Aida snorted. “Don’t you have a diary?”

“My journal?” My stomach cramped. I visualized myself standing in front of a room filled with mean drunks, heckling me. Or worse, a bunch of bored drunks, yawning as I revealed myself. I balked. “There’s no possible way I can share whatever I’ve written in public. I would rather die.”

She grabbed a pen from my Power-Up Mushroom mug and scribbled a note onto a Post-it. “Here’s the website for the event. Check it out.”

“Fine.” I swiped the sticky note. “But no promises.”

 

 

Chapter 2

Aida, Marco, and I carpooled home from the Midtown Atlanta office to Virginia-Highland, a hip little neighborhood a ten-minute drive away, where Aida and I had rented a town house together right out of college. She’d started work at Coca-Cola, and I’d gotten a job at a startup software company that went belly-up a few years later. It was an expensive area, but we’d been hired with strong opening salaries and figured they’d only go up with time.

We were wrong.

Neither of us anticipated we’d put our financial security on the line by starting our own company, but after I lost my job, we took a serious look at the games Marco and I had been developing and decided it was time to find an investor.

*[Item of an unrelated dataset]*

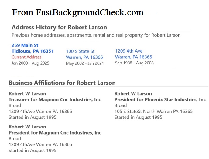 North Warren, Pennsylvania.

Enter Reynold and his venture capital.

Our company blossomed along with Aida’s budding romance with Marco. I probably should have moved out when Marco moved in, but where would I have gone? Instead, I relocated to my lair in the basement, at a fair discount in my rent, but they were progressively squeezing me out. Once their baby came, we might need to reassess the arrangement.

If this next game sold well, maybe I’d get my own town house. Maybe even one of the cute cottages down the street.

Aida tossed her purse on the table and followed me to my home sweet home in the cave below. While I tugged off my shoes, she took a seat on my futon. “So I was reading the comments on that Facebook post I showed you.”

“Uuugh.” I dropped down on the floor cross-legged and unlocked my spare laptop to unpause a game of Undertale.

“Look. There seemed to be a lot of interest from alumni around the area. You might reconnect with someone you knew at Auburn or meet some new friends.”

“Mmm-hmm.” I was paying attention, but my focus was on the screen where my character entered a room and . . . yes! I found Papyrus guarding a door, saying, “Oho! The human arrives!”